Pakketten worden in Java gebruikt om naamgevingsconflicten te voorkomen, toegang te controleren, zoeken/lokaliseren en gebruik van klassen, interfaces, opsommingen en annotaties gemakkelijker te maken, enz.

Een Pakket kan worden gedefinieerd als een groep gerelateerde typen (klassen, interfaces, opsommingen en annotaties) die toegangsbeveiliging en naamruimtebeheer bieden.

Sommige van de bestaande pakketten in Java zijn −

  • java.lang − bundelt de basisklassen

  • java.io − klassen voor invoer, uitvoerfuncties zijn gebundeld in dit pakket

Programmeurs kunnen hun eigen pakketten definiëren om groepen klassen/interfaces, enz. te bundelen. Het is een goede gewoonte om gerelateerde klassen die door u zijn geïmplementeerd te groeperen, zodat een programmeur gemakkelijk kan bepalen dat de klassen, interfaces, opsommingen en annotaties gerelateerd zijn.

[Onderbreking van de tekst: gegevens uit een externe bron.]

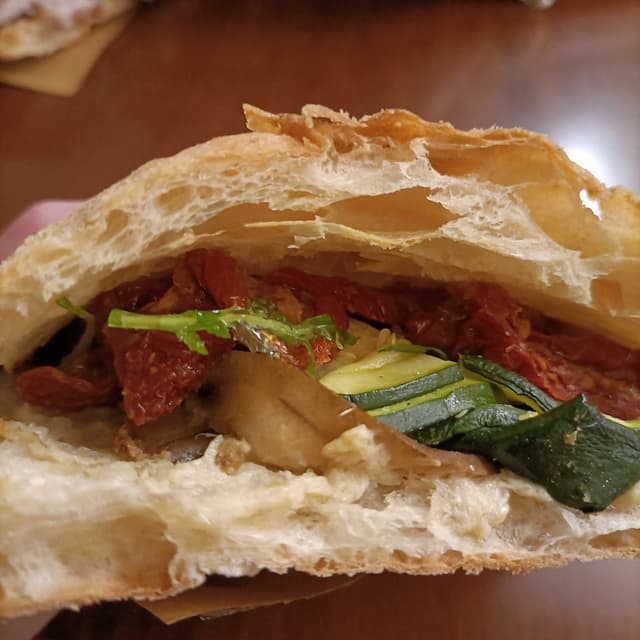 Abbiamo trovato questo posticino piccolo che sembrava meno turistico di altri, aveva una bella atmosfera con il personale giovane e simpatico. Abbiamo scelto l'unica schiacciata vegana che c'era ma immagino che volendo si possano anche veganizzare delle altre. Impasto delizioso, leggero e croccante, il ripieno poteva andare meglio, avrei voluto sentire di piu la salsa al tartufo. 💸 7€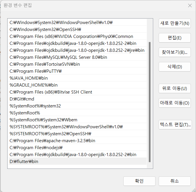 시스템 변수 안에 있는 Path를 더블클릭 한 뒤 flutter\bin(D:\\flutter\\bin)위치를 입력하고 확인을 클릭하여 저장한다.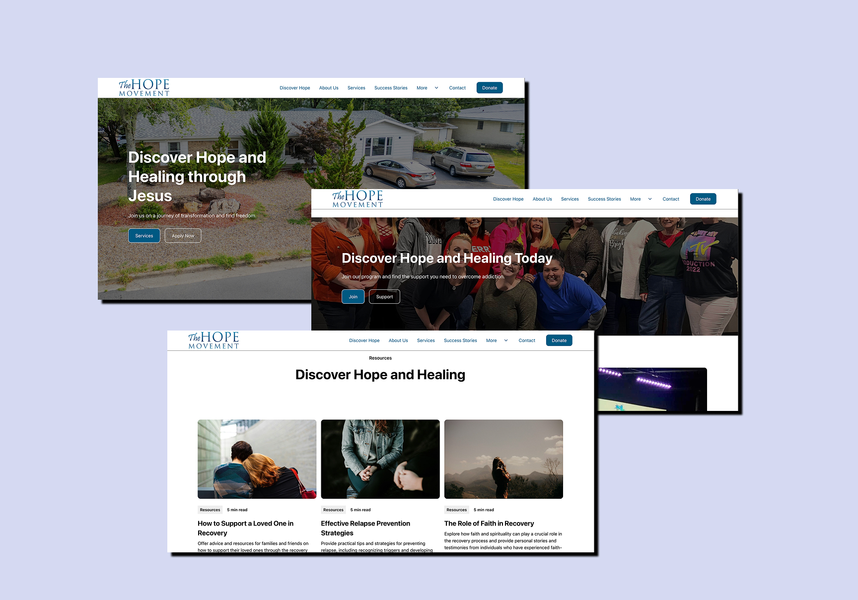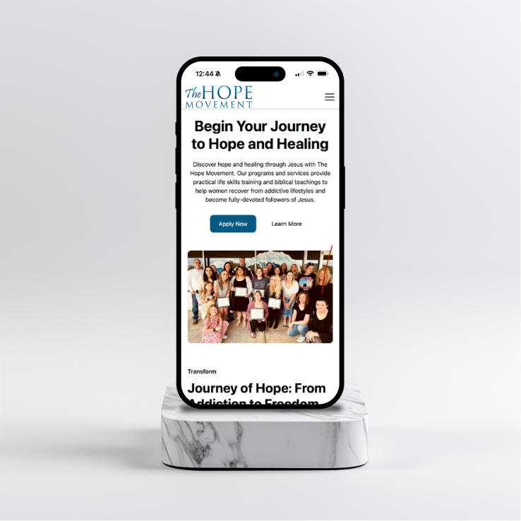 The Hope Movement is a faith-based organization dedicated to helping women recover from addiction and find purpose through biblical teaching, life skills, and mentorship. They needed a digital presence that clearly communicated their mission and inspired women to apply for the program.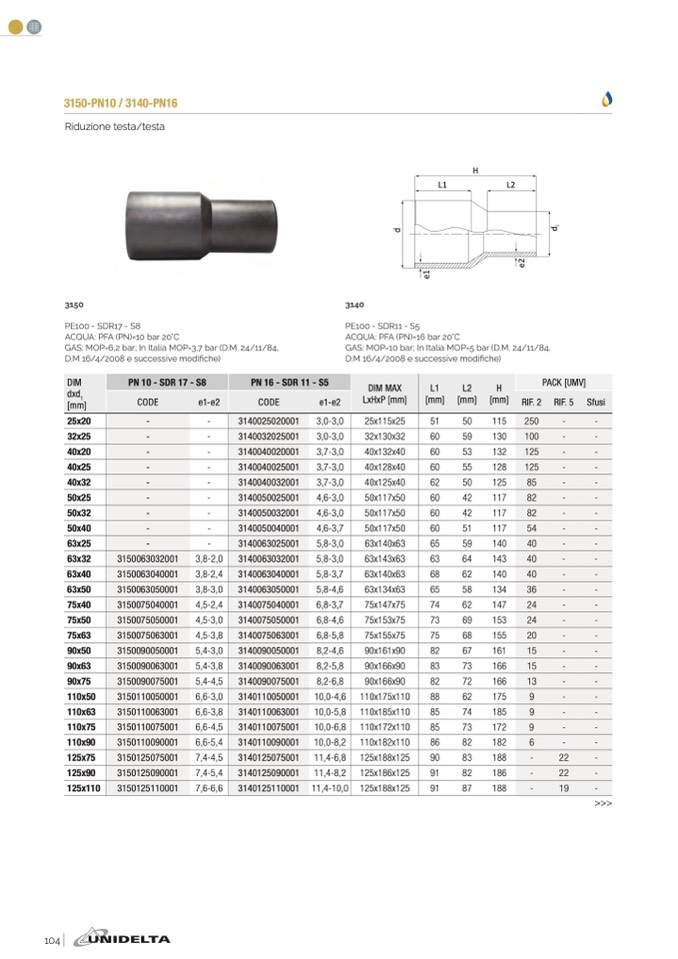 GAS: MOP=10 bar; In Italia MOP=5 bar (D.M. 24/11/84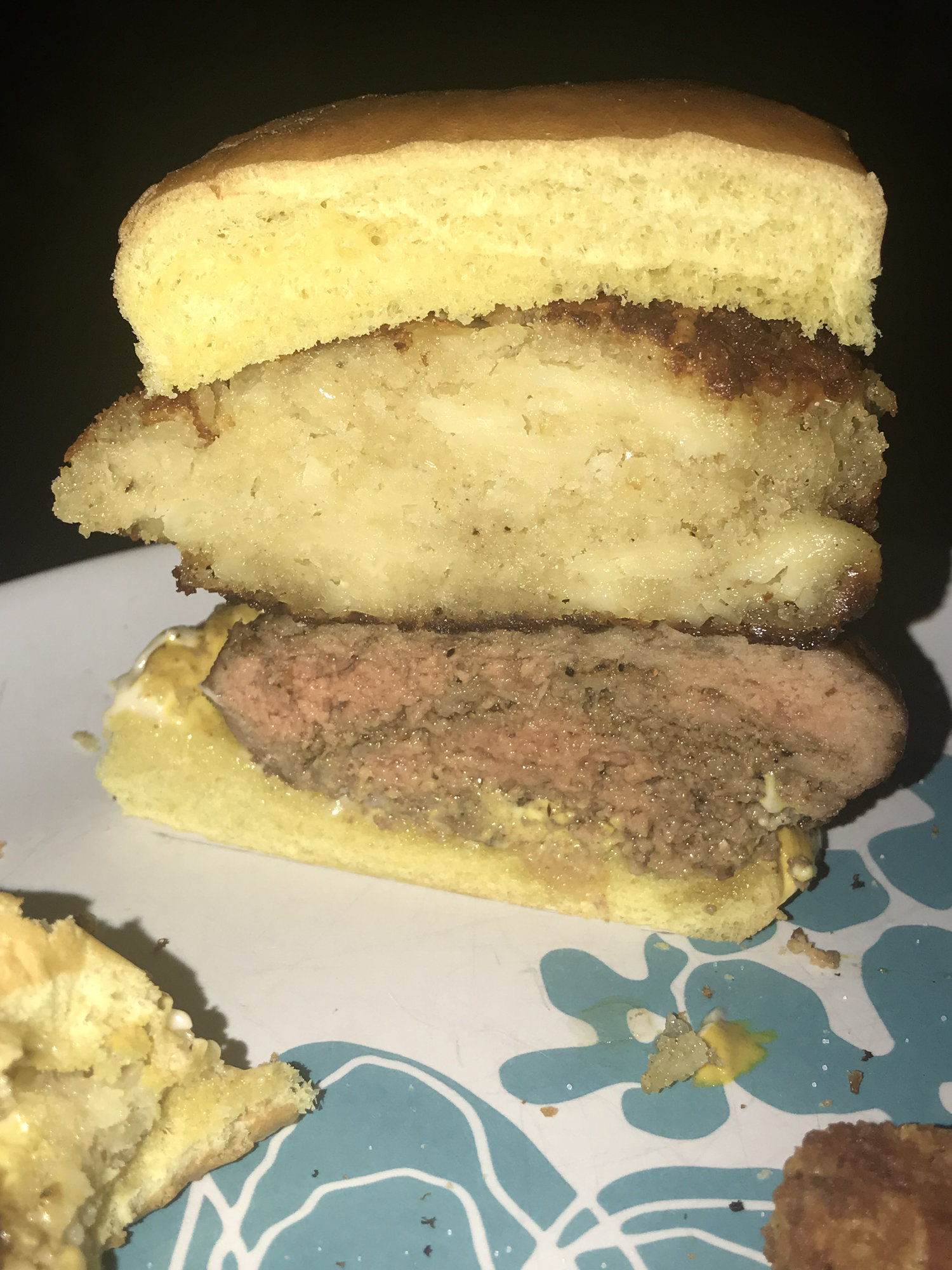 made 8oz burger tonight seasoned with dizzy pig dizzy dust and ghost pepper seasoning.   Added 2 tsp of each to the burger mix then a little extra ghost pepper on top.   What’s the best topping for a fat burger!!!! Fried Mach and cheese.   Here are a few pics of tonight dinner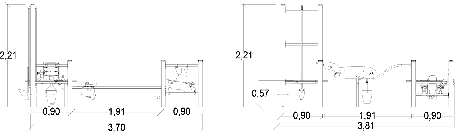 Rozmery modulu sú: 3,95 m dĺžka, šírka 3,80 m, výška 2,20 m. Výška voľného pádu (HCL) je 0,60 metrov.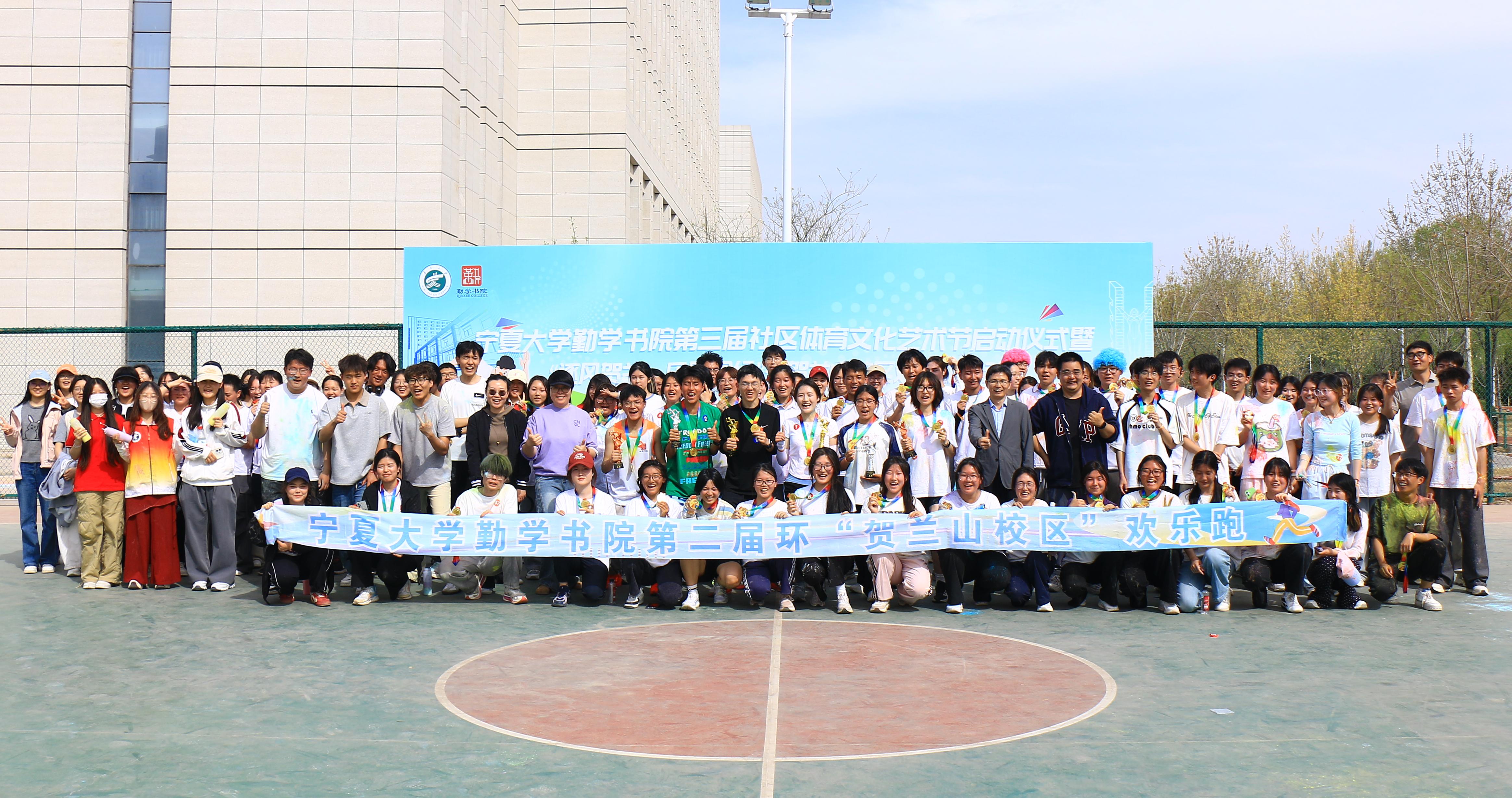 【宁夏大学新闻中心讯 勤学书院】春满贺兰,风和日丽。4月8日下午,勤学书院第三届社区体育文化艺术节启动仪式暨第二届环贺兰山校区欢乐跑在贺兰山校区活力启航,400余名师生齐聚赛场,共赴一场青春与运动的盛会。书院党委副书记靳永雄、杨扬,副院长常江、高媛,“七进一交友”联系班级领导及全体辅导员共同出席启动仪式。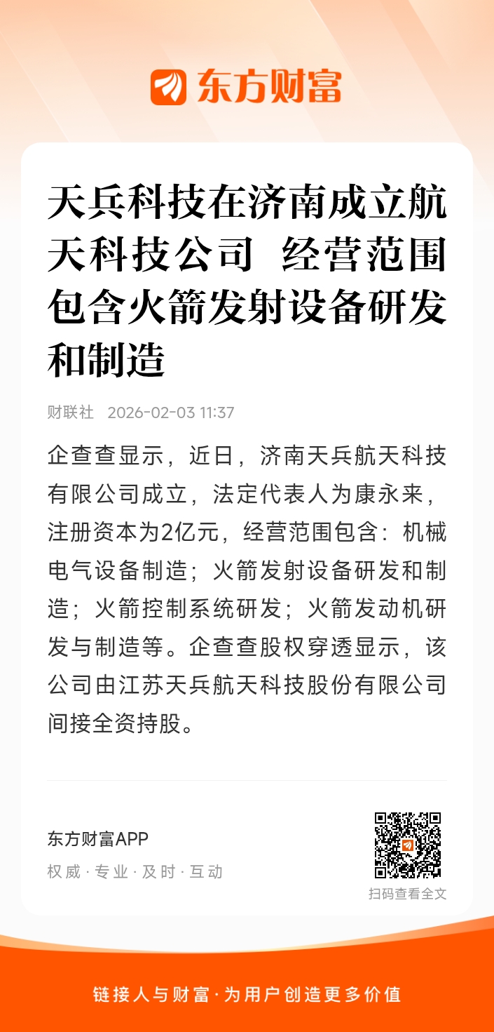 企查查显示,近日,济南天兵航天科技有限公司成立,法定代表人为康永来,注册资本为2亿元,经营范围包含:机械电气设备制造;火箭发射设备研发和制造;火箭控制系统研发;火箭发动机研发与制造等。企查查股权穿透显示,该公司由江苏天兵航天科技股份有限公司间接全资持股。

Aangezien het pakket een nieuwe naamruimte aanmaakt, zullen er geen naamconflicten zijn met namen in andere pakketten. Met behulp van pakketten is het gemakkelijker om toegangscontrole te bieden en is het ook gemakkelijker om de gerelateerde klassen te vinden.

Een pakket maken

Bij het maken van een pakket moet u een naam voor het pakket kiezen en een pakket . opnemen statement samen met die naam bovenaan elk bronbestand dat de klassen, interfaces, opsommingen en annotatietypes bevat die u in het pakket wilt opnemen.

De pakketinstructie moet de eerste regel in het bronbestand zijn. Er kan slechts één pakketverklaring in elk bronbestand zijn en het is van toepassing op alle typen in het bestand.

Als er geen pakketverklaring wordt gebruikt, worden de klasse, interfaces, opsommingen en annotatietypen in het huidige standaardpakket geplaatst.

Om de Java-programma's met pakketinstructies te compileren, moet u de optie -d gebruiken, zoals hieronder getoond.

javac -d Destination_folder file_name.java

Vervolgens wordt een map met de opgegeven pakketnaam gemaakt op de opgegeven bestemming en worden de gecompileerde klassenbestanden in die map geplaatst.

Voorbeeld

Laten we eens kijken naar een voorbeeld dat een pakket maakt met de naam dieren . Het is een goede gewoonte om namen van pakketten met kleine letters te gebruiken om conflicten met de namen van klassen en interfaces te voorkomen.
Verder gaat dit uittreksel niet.